On October 13, 2007, after enduring the elements for 16 hours and 43 minutes, Scott Rigsby became the first double-amputee on prosthetics in the world to finish an Ironman distance triathlon with prosthetics at the 140.6-mile World Championship in Kailua-Kona, Hawaii. Rigsby used “swim legs” to navigate the difficult 2.4 mile ocean swim, “bike legs” to cycle 112 miles through the heat and gusting winds of the Big Island lava fields on a standard road bike, and “run legs” to complete the marathon segment in darkness and intense pain.

With 17 minutes to spare before race organizers called things off, the announcer screamed, “Here he comes, it’s Scott Rigsby, he’s going to do it. Unbelievable!”

Unthinkable, Rigsby’s unique story of success and failures, all started with a decision and the desire to never quit, no matter what, no matter how long.

Defining Moments

“In 1992, Julie Moss’s athletic performance at the Hawaiian Ironman Triathlon went beyond winning, beyond sport, and smashed head-on into the realm of human drama.  She led the women’s field after nearly ten hours of racing.  As she came down to the final 400 meters, however, with the finish line banner in sight, her body simply gave out.  She went from running to walking to staggering in the blink of an eye.  The frailty of the human body was on display before millions as she stumbled and then fell.  Like a fawn taking it’s first steps, she willed herself to her feet and continued on toward what would have been the biggest win of her young career.
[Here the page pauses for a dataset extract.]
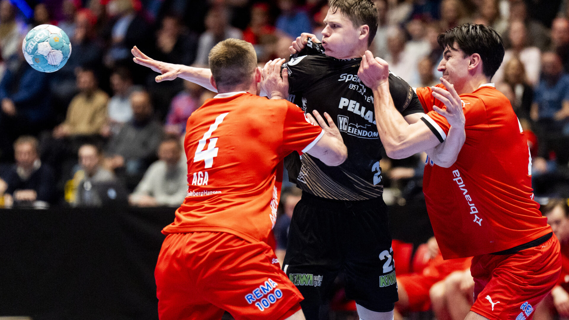 Elverums Péter Lukács ble nylig kåret til årets publikumsfavoritt i REMA 1000-ligaen. Her i aksjon i borteoppgjøret mot Vetle Eck Aga, Simen Ulstad Lyse og Kolstad i Trondheim i mars. Trønderne vant det oppgjøret 29-28. Onsdag møtes lagene igjen i den første sluttspillfinalen. Foto: Ole Martin Wold / NTB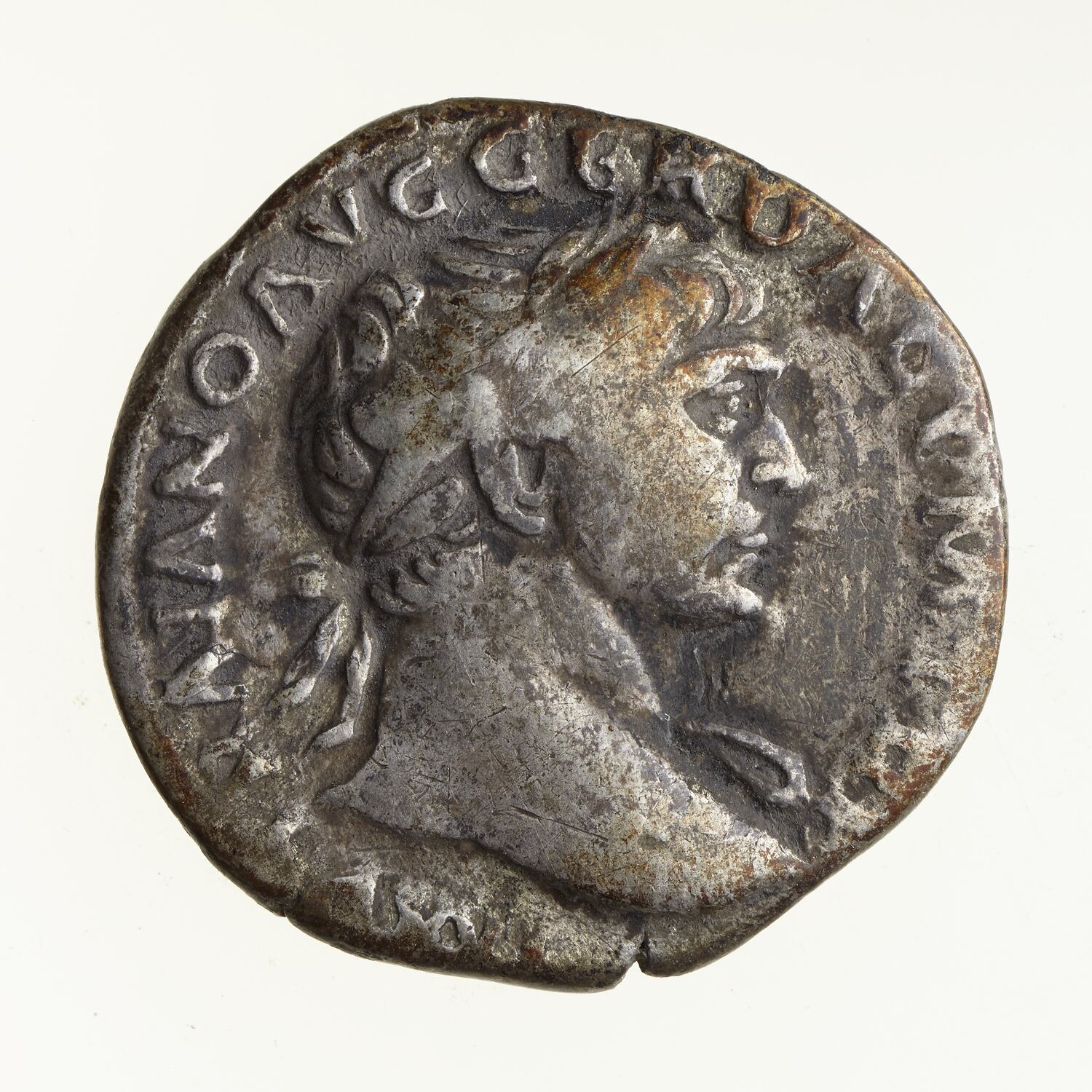 Laureate head of Trajan facing right, drapery on left shoulder; around, IMP TRAIANO A[VG GER DAC PM TR P]

Like a punch-drunk fighter she was out on her feet, oblivious to the crowd massed on each side of her.  She fell again and lay on the street.  Her body had betrayed her.  With less than five yards to go, the second-place woman passed her for the win.  With the ABC cameras recording each moment, Julie summoned every ounce of courage and crawled toward the line.  The crowd went deathly silent.  Within an arm’s length of the finish, she reached one hand across the line and collapsed onto her back.  There was a small smile playing at the corners of her lips as she was carried to the medical tent.

Her message was clear:  To win is to finish.  To finish is to win.”